Here the job is to print only the lines from the one containing "1.看药物特点:维生素D及类" to the end of the entries, both included, exactly as they stand, with pictures excluded.

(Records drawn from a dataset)
--------------------

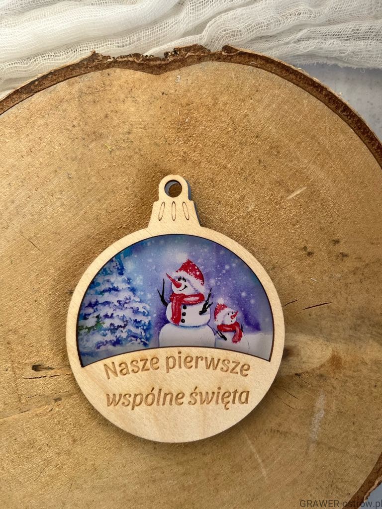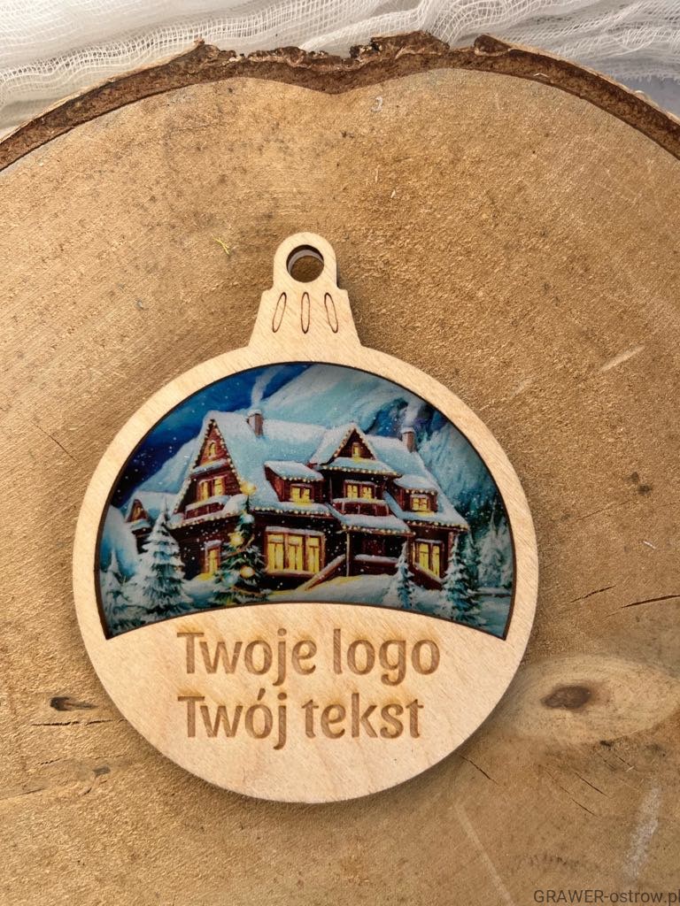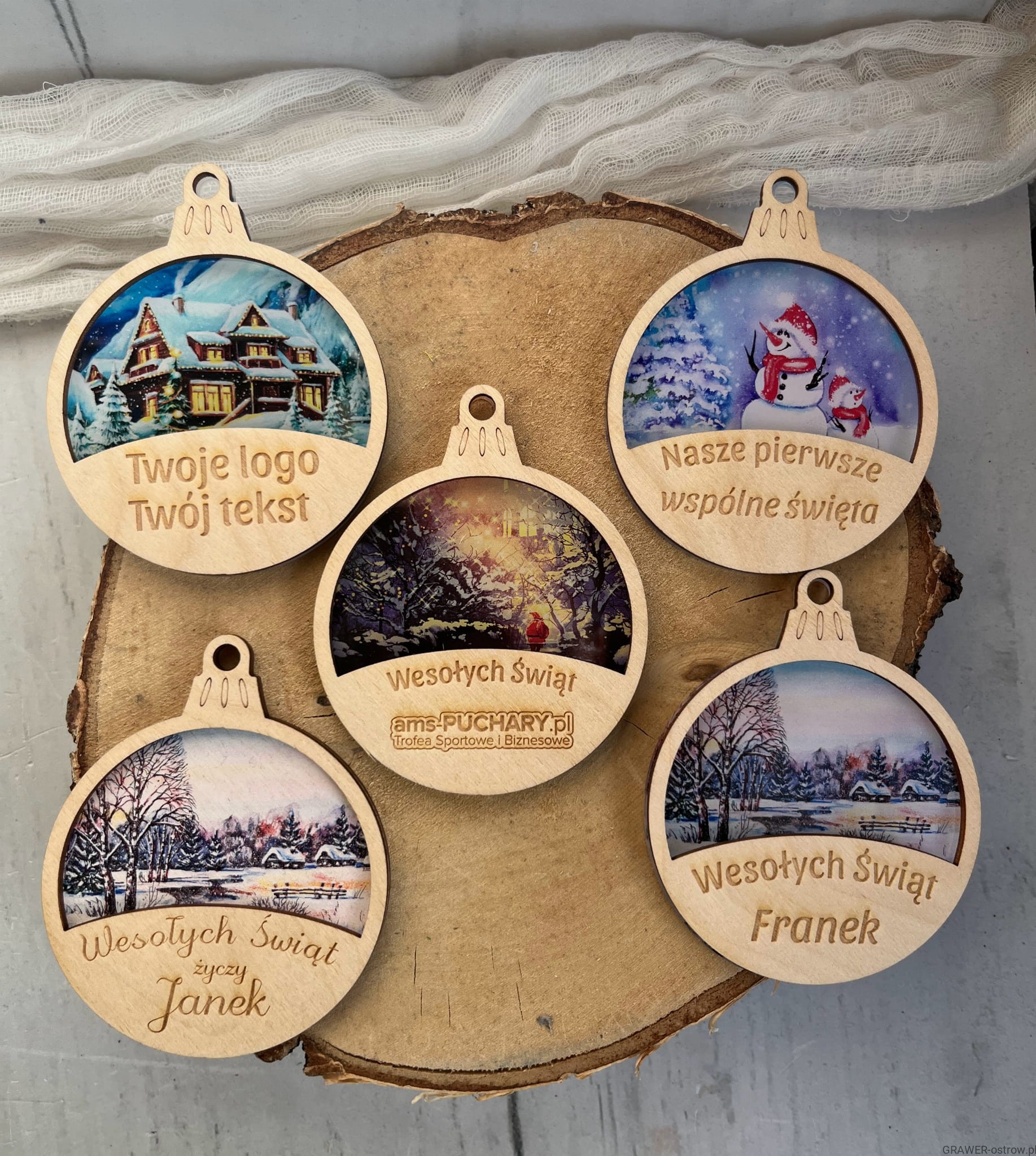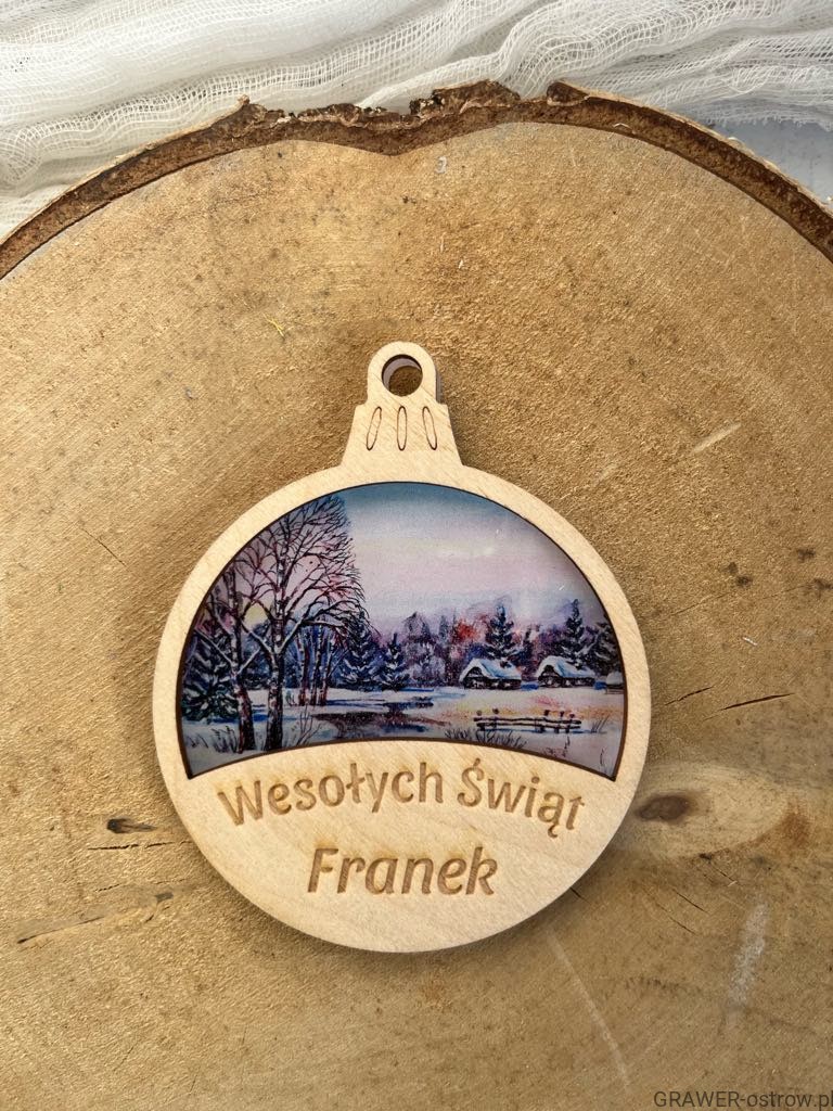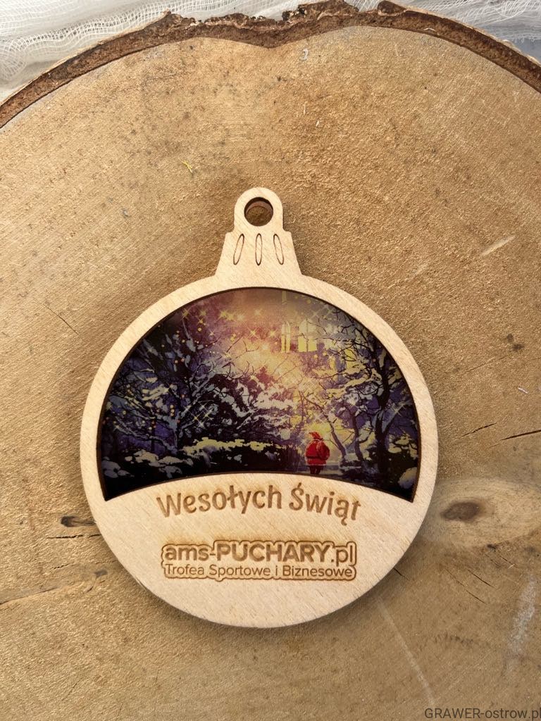 Drewniana bombka dwuwarstwowa z grawerem i kolorowym nadrukiem 9,8cm
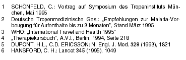 Ausführliche länderbezogene Angaben finden Sie im von uns herausgegebenen Therapiekursbuch4 (s. auch a-t 6 [1993], 57). Im Zweifel hilft der Rat eines Tropeninstitutes weiter.
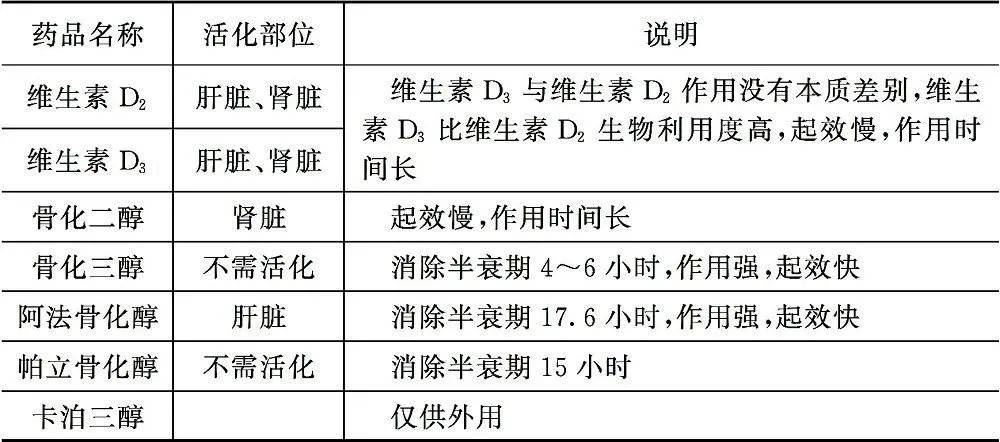 1.看药物特点:维生素D及类似物的药物特点如下表,蝶友们应遵医嘱选择适合自己的维生素D片。
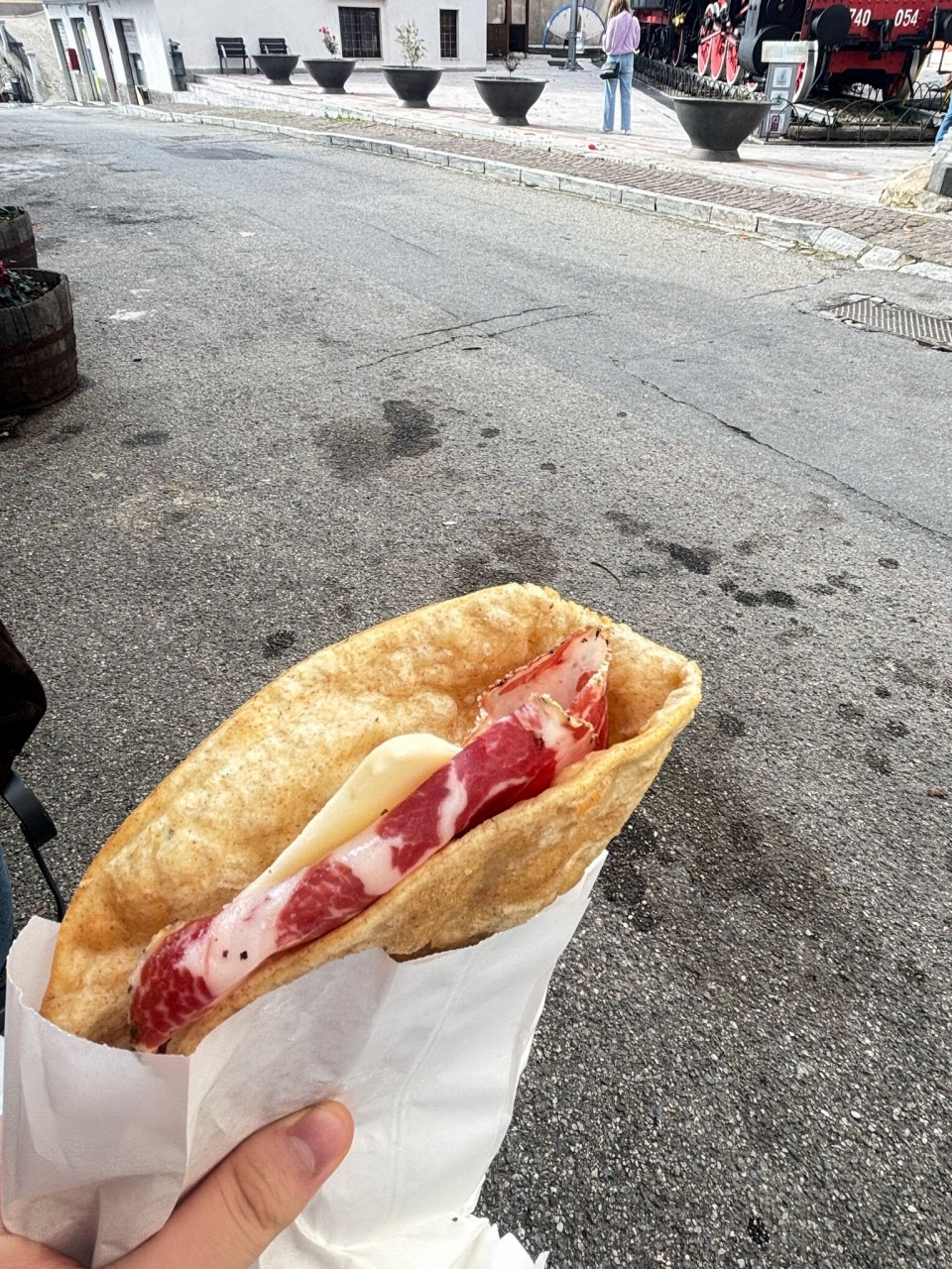 昼食では、カラブリアの名物品 “PIADINA“を食べ、その後約200段ある階段を上りカラブリアの景色を皆で眺めました。
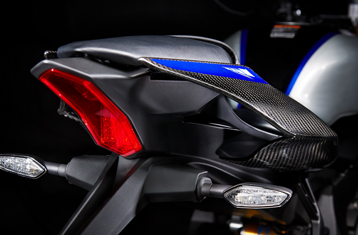 ロードレースの最高峰、MotoGP。パフォーマンスとスピードを極めたヤマハMotoGPマシン・YZR-M1は、ダイナミックでありながら凜とした麗しい空気感を放つ。YZF-R1にもそのデザインスピリッツは余すことなく受け継がれている。M字センターエアダクトやインテグレートされたカウリングは、エンジンパワーや空力特性に直結した機能性をベースとしながら、レーシングマシンならではのソリッドな魅力を感じさせる。YZF-R1のボディカラーには、マットブルーとのコンビネーションによりレースシーンを彷彿させるブルーと、ソリッドのブラックを採用することでモダンさを演出したブラックの2色を設定。どちらのカラーリングにもアクセントとしてシアンをロゴに配している。YZF-R1Mはカウルのカーボンとタンクのアルミ素材を活かしたカラーリング。リアアームもアルミ・バフ仕上げとすることで、高い質感を表現している。

--------------------

Answer space:
 1.看药物特点:维生素D及类似物的药物特点如下表,蝶友们应遵医嘱选择适合自己的维生素D片。
 昼食では、カラブリアの名物品 “PIADINA“を食べ、その後約200段ある階段を上りカラブリアの景色を皆で眺めました。
 ロードレースの最高峰、MotoGP。パフォーマンスとスピードを極めたヤマハMotoGPマシン・YZR-M1は、ダイナミックでありながら凜とした麗しい空気感を放つ。YZF-R1にもそのデザインスピリッツは余すことなく受け継がれている。M字センターエアダクトやインテグレートされたカウリングは、エンジンパワーや空力特性に直結した機能性をベースとしながら、レーシングマシンならではのソリッドな魅力を感じさせる。YZF-R1のボディカラーには、マットブルーとのコンビネーションによりレースシーンを彷彿させるブルーと、ソリッドのブラックを採用することでモダンさを演出したブラックの2色を設定。どちらのカラーリングにもアクセントとしてシアンをロゴに配している。YZF-R1Mはカウルのカーボンとタンクのアルミ素材を活かしたカラーリング。リアアームもアルミ・バフ仕上げとすることで、高い質感を表現している。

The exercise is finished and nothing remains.